* **Directions for this task**
The material below holds pictures; leave them out and reproduce exactly the lines from the one with "セミオーダーでお仕立てしたノ" through the one with "เพราะก่อนหน้าที่จะมีงาน 3 วันก็ได้โพสต์คำว่าอึด้วย.", inclusive.

Segment Start: Dataset excerpts

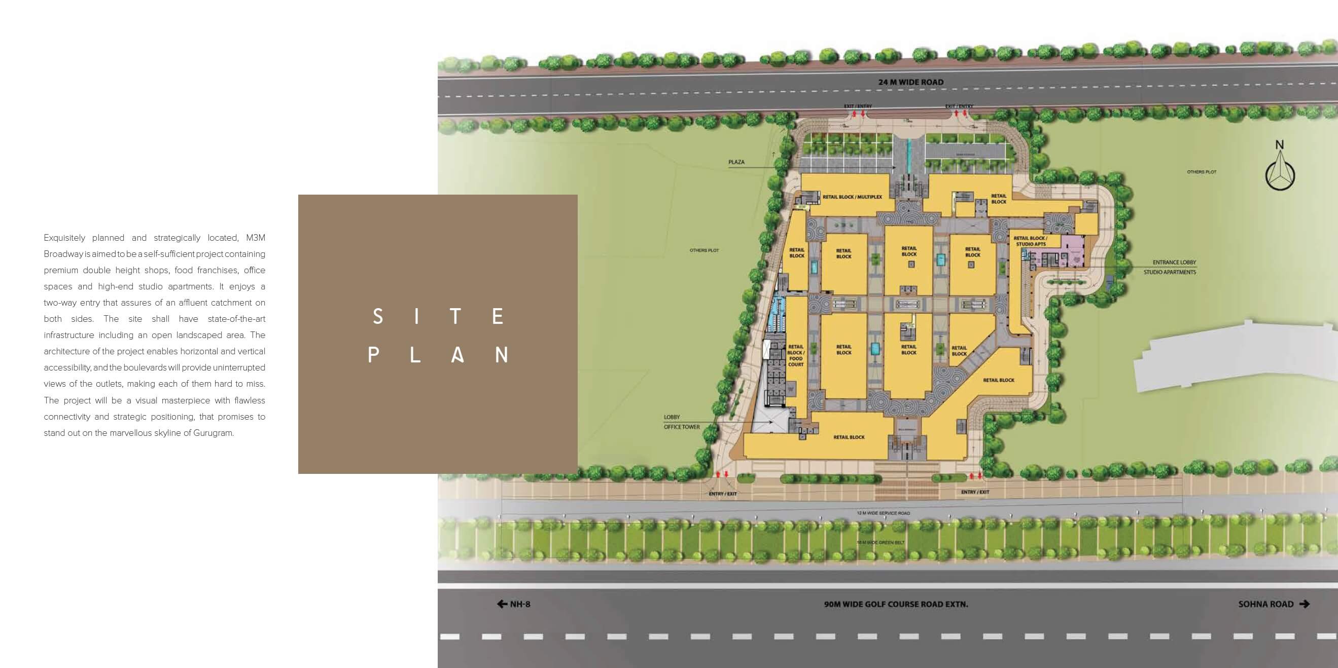 M3m New Commercial Broadway Is A Unique, One-Of-Its-Kind Project That Offers A Heady Mix Of High-End Retail Shops, World-Class Commercial Spaces (Ground +22 Storied), Studio Apartments(Ground +12), Multiplex On the 3rd & 4th Floor, a Game Zone, Fun Zone On 3rd Floor, Terraces Restaurant On First, Second Floors. M3m New Commercial Sector 71 Enjoying An Awesome Location With Exclusive Two-Side Access, M3m Commercial Has Set A New Precedent Of Affluence And Exuberance In The City Of Gurugram.
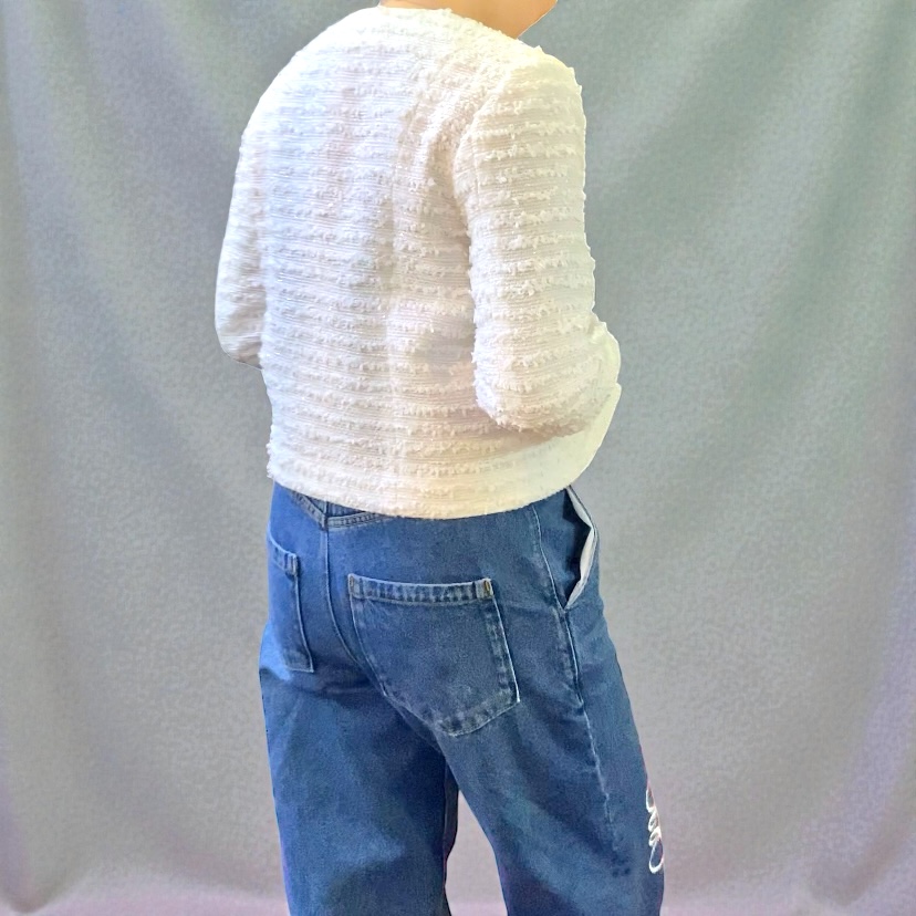 セミオーダーでお仕立てしたノーカラージャケットを、実際に着用していただきました。
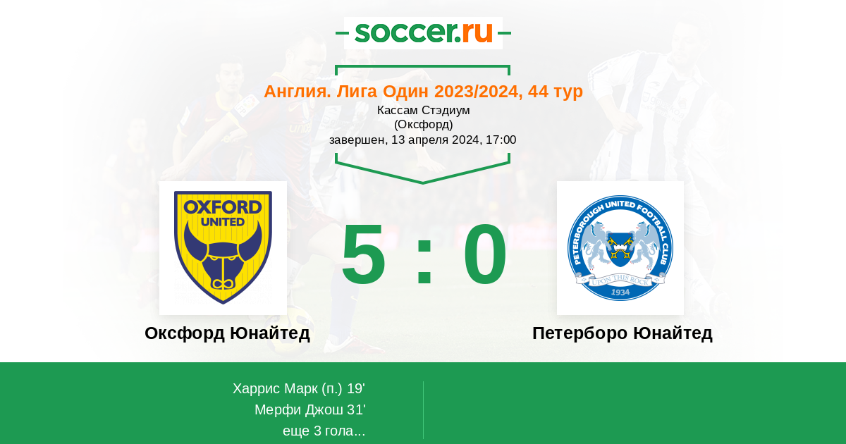 | Оксфорд Юнайтед | 35:33 | 18:10 | 17:23 |
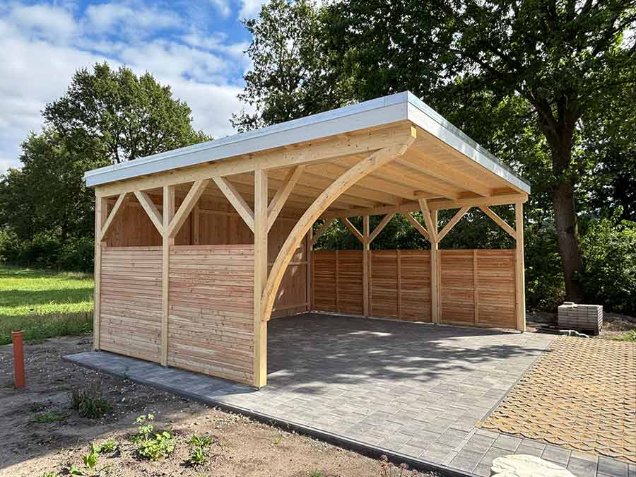 Carports lassen sich bestens im Holzbau erreichten. Gegenüber einer Garage bieten sie eine gute Belüftung, so dass das Fahrzeug bei Regen sehr gut abtrocknet, und lassen sich wesentlich preiswerter aufstellen. Trotzdem ist das Auto vor Wind und Wetter geschützt, so dass auch im Winter die Scheiben nicht vereist sind.
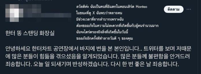 ซึ่งหลังจากที่เกิดเรื่องดังกล่าวก็มีผู้ใช้ทวิตเตอร์ (X) รายหนึ่งอ้างว่าตนคือคนที่เกิดอุจจาระราดกลางงาน โดยบอกว่าเหตุการณ์ดังกล่าวตนทำไปโดยไม่ตั้งใจ รู้สึกผิดมากที่ทำลายวันดีๆ ของทุกคน ก่อนบอกว่าพร้อมชดใช้ค่าเสียหายถ้าทำให้เสื้อผ้าของใครเปื้อน แต่ก็มีหลายคนตั้งข้อสังเกตว่าแฟนคลับรายนี้อาจจะตั้งใจ เพราะก่อนหน้าที่จะมีงาน 3 วันก็ได้โพสต์คำว่าอึด้วย.
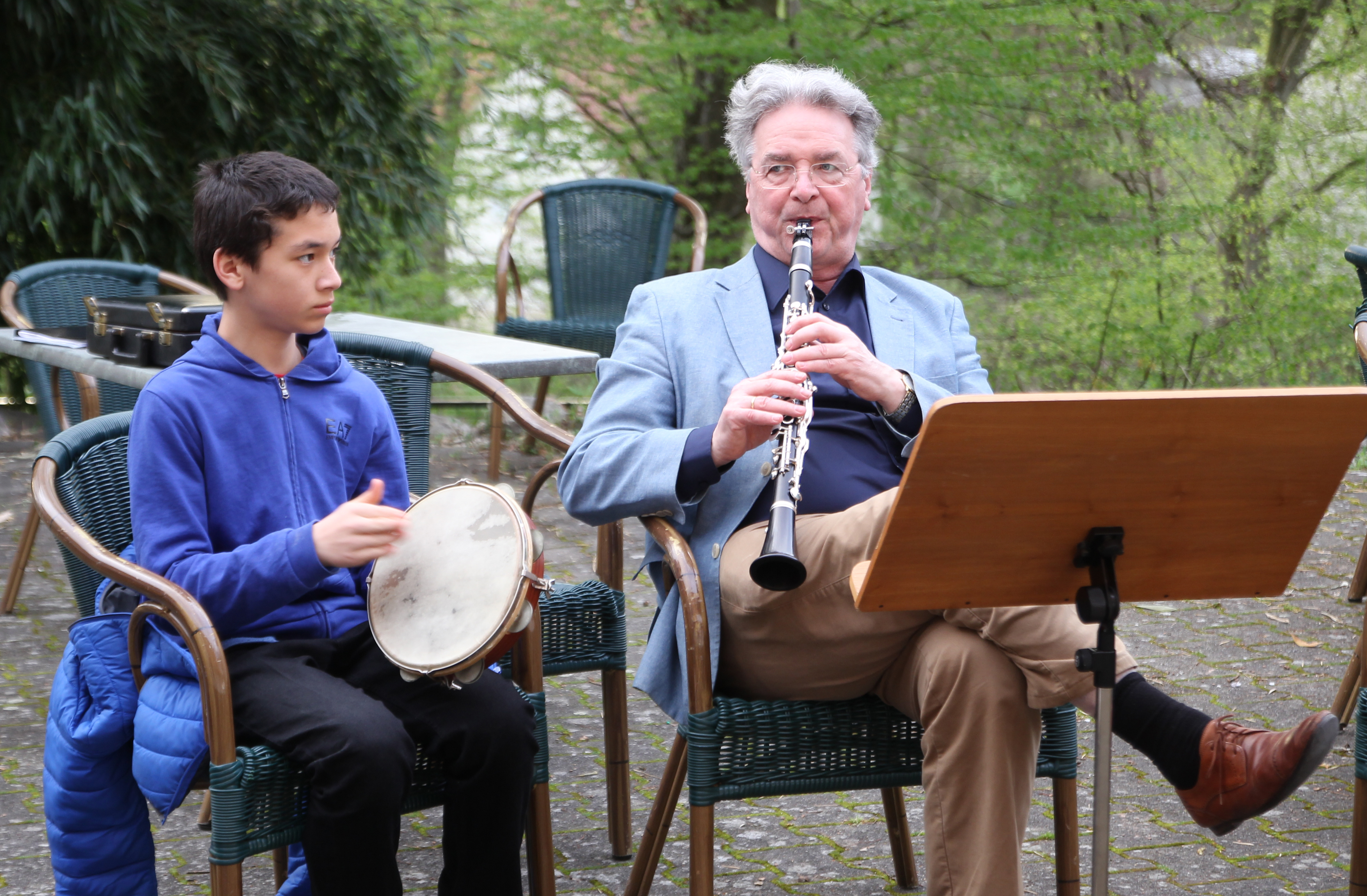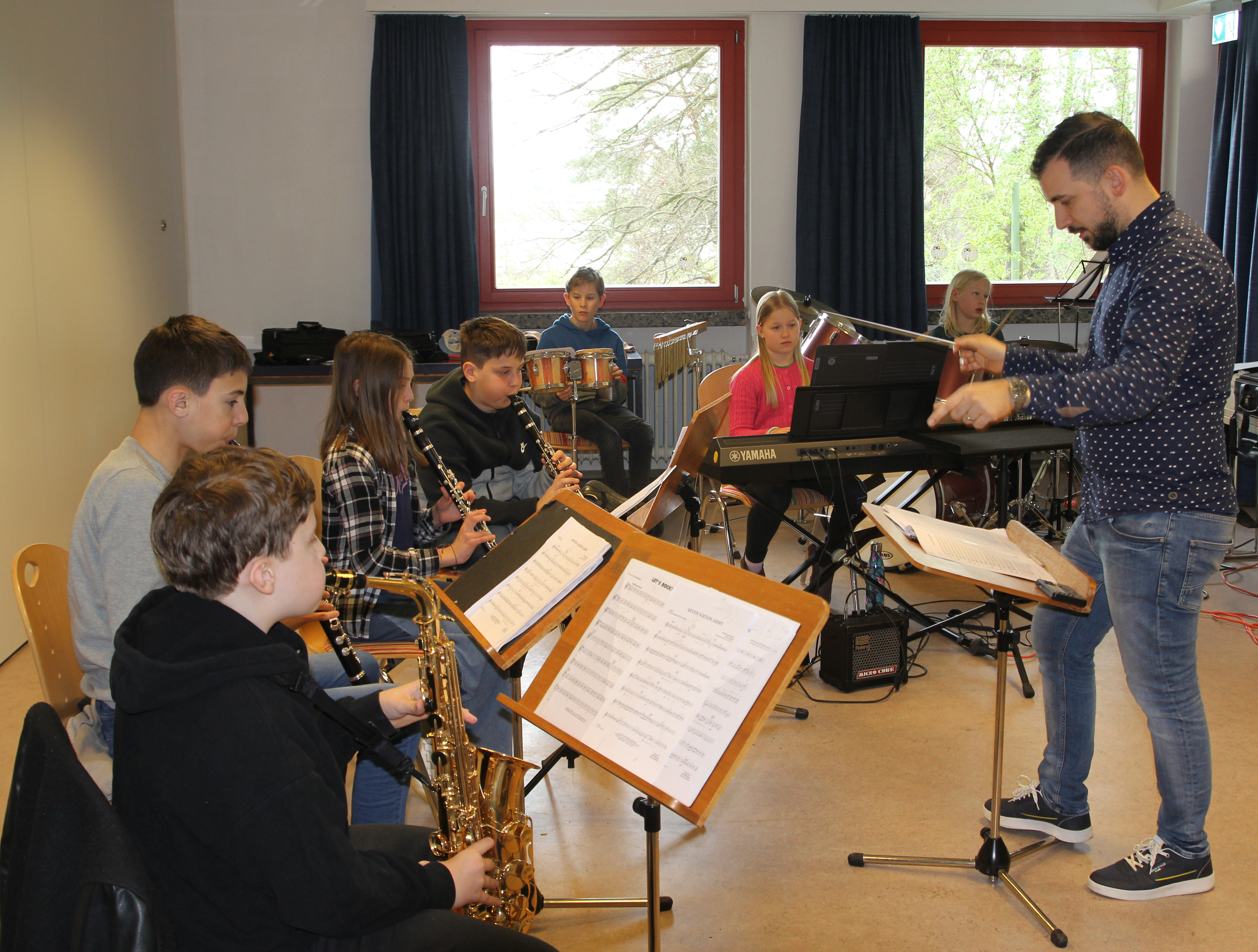 Zwei Busse mit 70 Schülerinnen und Schülern an Bord und ein mit Instrumenten vollgepackter Anhänger brachte uns zum Schullandheim nach Biberach, das wir dann fünf Tage lang fast für uns allein hatten. Das war auch gut so, da zeitweise sieben Ensembles von morgens bis abends parallel probten. Gleich nach dem Frühstück begann jeden Tag die intensive Arbeit in den einzelnen Gruppen: Theater, Registerproben, Jugendchor, großer Chor, Juniorband. Ab Mittag wurden einzelne Szenen des Stückes mit allen Beteiligten zusammengefügt. Abends übten wir dann noch gezielt an den Stellen, die nicht so gut geklappt hatten.

Segment End: Dataset excerpts

* **Written response**
 セミオーダーでお仕立てしたノーカラージャケットを、実際に着用していただきました。
 | Оксфорд Юнайтед | 35:33 | 18:10 | 17:23 |
 Carports lassen sich bestens im Holzbau erreichten. Gegenüber einer Garage bieten sie eine gute Belüftung, so dass das Fahrzeug bei Regen sehr gut abtrocknet, und lassen sich wesentlich preiswerter aufstellen. Trotzdem ist das Auto vor Wind und Wetter geschützt, so dass auch im Winter die Scheiben nicht vereist sind.
 ซึ่งหลังจากที่เกิดเรื่องดังกล่าวก็มีผู้ใช้ทวิตเตอร์ (X) รายหนึ่งอ้างว่าตนคือคนที่เกิดอุจจาระราดกลางงาน โดยบอกว่าเหตุการณ์ดังกล่าวตนทำไปโดยไม่ตั้งใจ รู้สึกผิดมากที่ทำลายวันดีๆ ของทุกคน ก่อนบอกว่าพร้อมชดใช้ค่าเสียหายถ้าทำให้เสื้อผ้าของใครเปื้อน แต่ก็มีหลายคนตั้งข้อสังเกตว่าแฟนคลับรายนี้อาจจะตั้งใจ เพราะก่อนหน้าที่จะมีงาน 3 วันก็ได้โพสต์คำว่าอึด้วย.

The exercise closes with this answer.